⟨

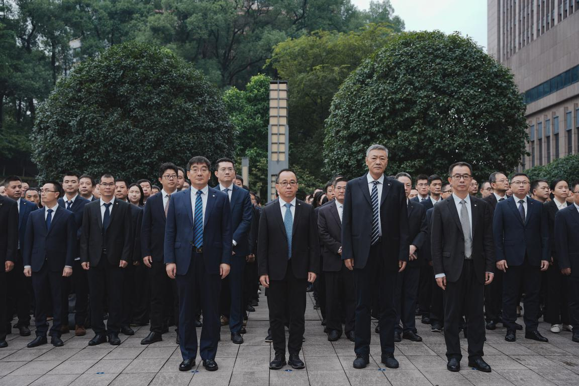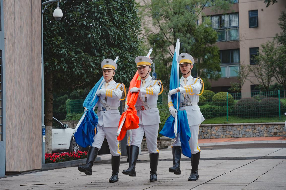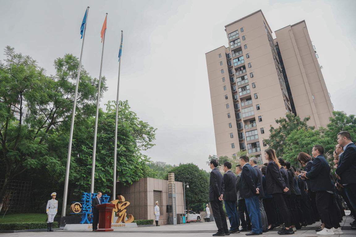 上午9時(shí)零5分,招商交科在交科院廣場(chǎng)舉行了升旗儀式。招商交科在家領(lǐng)導(dǎo)班子,各部門及單位員工代表,部分在渝招商系單位員工代表300余人參加儀式。
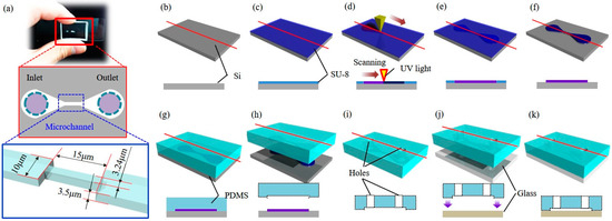 Design and fabrication of the microfluidic chip. (a) Schematic view of the microfluidic chip. The device consists of an inlet, an outlet, a microchannel (3.5 µm in height and 10.0 µm in width), and narrow channel (3.5 µm in height, 15.0 µm in length and 3.24 µm in width); (b–f) the step-by-step photolithography for mold fabrication; (g–k) the step-by-step procedure for poly-dimethylsiloxane (PDMS) chip fabrication from the mold.
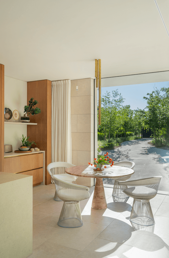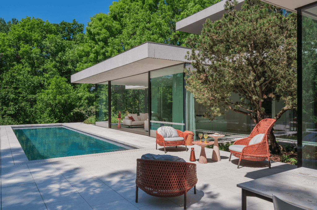 Deux œuvres majeures rehaussent les murs blancs prolongeant l’entrée, une composition cloutée de Günther Uecker, un important artiste allemand membre du groupe ZERO qui vient de décéder en juin, à 95 ans, et une Pittura R écarlate de Pino Pinelli, un poète artiste qui nous a quitté en 2024. Une baie vitrée sépare le hall de la cage d’escalier aux marches en bois. L’architecte a multiplié les lieux conviviaux avec tout d’abord la salle à manger présentant une table au plateau de travertin romain qu’entoure un ensemble de chaises Wishbone de la firme danoise Carl Hansen dont l’existence remonte à 1908. Elle s’ouvre sur la cuisine où une table ronde et des chaises du designer américain Warren Platner occupent le coin déjeuner qui surplombe l’entrée carrossable donnant accès à la maison. À l’extérieur, même esprit convivial avec un espace salon doté d’un ensemble de fauteuils corail de la firme allemande Dedon, bien connue pour son mobilier d’extérieur résistant aux variations climatiques, et un espace repas où l’on s’attable volontiers pour goûter aux joies d’un déjeuner ensoleillé ou d’un dîner à la lueur des bougies. Réminiscence méditerranéenne, un pin a été planté ici en 2022.
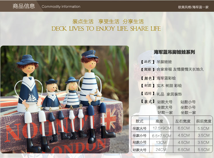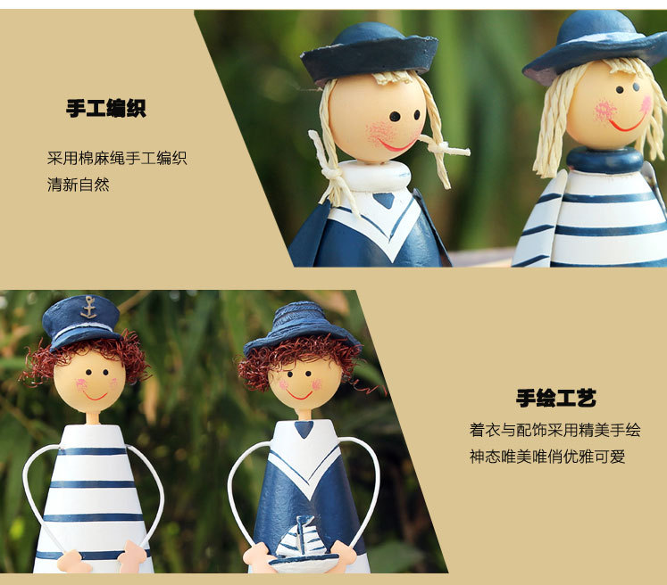 海軍娃娃小號卷發一對地中海吊腳娃娃酒柜裝飾品擺件女生房間創意海軍模型擺設家居飾品
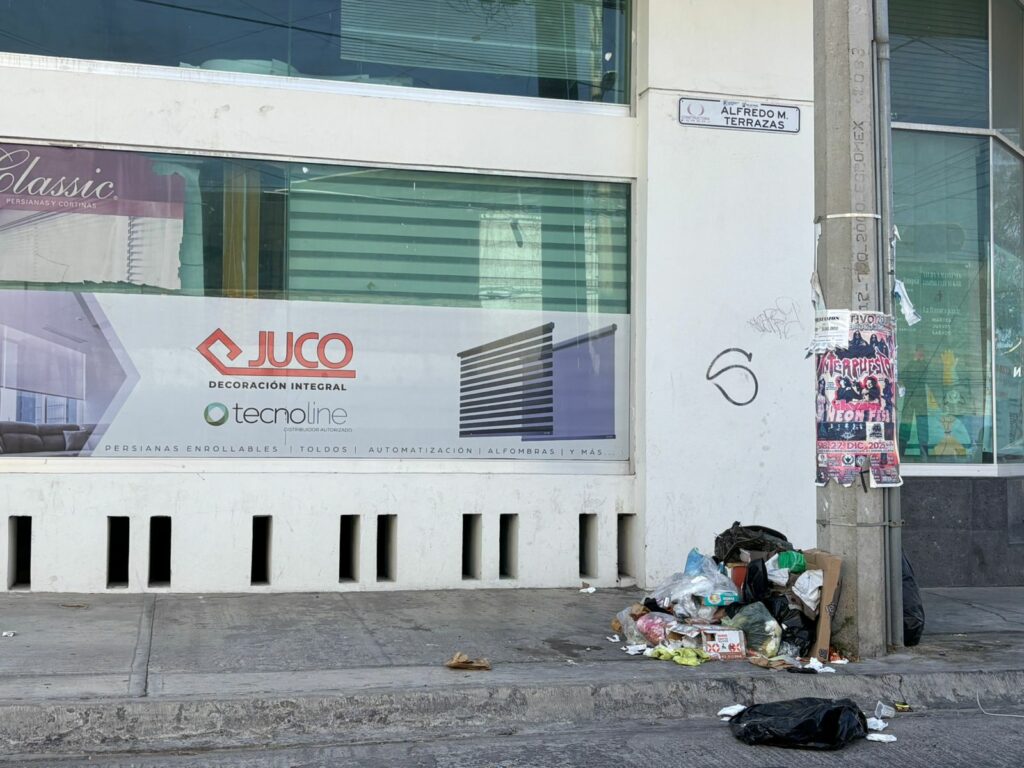 Vecinos y trabajadores de la zona han denunciado la acumulación de basura en la calle Alfredo M. Terrazas, donde señalan que los desechos permanecen durante varios días sin que sean retirados por el servicio de recolección municipal.

⟩

> **What is needed**
Write out an exact copy of the listing, first line through the line containing "海軍娃娃小號卷發一對地中海吊", with the pictures left out.

> **Exercise result**
 上午9時(shí)零5分,招商交科在交科院廣場(chǎng)舉行了升旗儀式。招商交科在家領(lǐng)導(dǎo)班子,各部門及單位員工代表,部分在渝招商系單位員工代表300余人參加儀式。
 Design and fabrication of the microfluidic chip. (a) Schematic view of the microfluidic chip. The device consists of an inlet, an outlet, a microchannel (3.5 µm in height and 10.0 µm in width), and narrow channel (3.5 µm in height, 15.0 µm in length and 3.24 µm in width); (b–f) the step-by-step photolithography for mold fabrication; (g–k) the step-by-step procedure for poly-dimethylsiloxane (PDMS) chip fabrication from the mold.
 Deux œuvres majeures rehaussent les murs blancs prolongeant l’entrée, une composition cloutée de Günther Uecker, un important artiste allemand membre du groupe ZERO qui vient de décéder en juin, à 95 ans, et une Pittura R écarlate de Pino Pinelli, un poète artiste qui nous a quitté en 2024. Une baie vitrée sépare le hall de la cage d’escalier aux marches en bois. L’architecte a multiplié les lieux conviviaux avec tout d’abord la salle à manger présentant une table au plateau de travertin romain qu’entoure un ensemble de chaises Wishbone de la firme danoise Carl Hansen dont l’existence remonte à 1908. Elle s’ouvre sur la cuisine où une table ronde et des chaises du designer américain Warren Platner occupent le coin déjeuner qui surplombe l’entrée carrossable donnant accès à la maison. À l’extérieur, même esprit convivial avec un espace salon doté d’un ensemble de fauteuils corail de la firme allemande Dedon, bien connue pour son mobilier d’extérieur résistant aux variations climatiques, et un espace repas où l’on s’attable volontiers pour goûter aux joies d’un déjeuner ensoleillé ou d’un dîner à la lueur des bougies. Réminiscence méditerranéenne, un pin a été planté ici en 2022.
 海軍娃娃小號卷發一對地中海吊腳娃娃酒柜裝飾品擺件女生房間創意海軍模型擺設家居飾品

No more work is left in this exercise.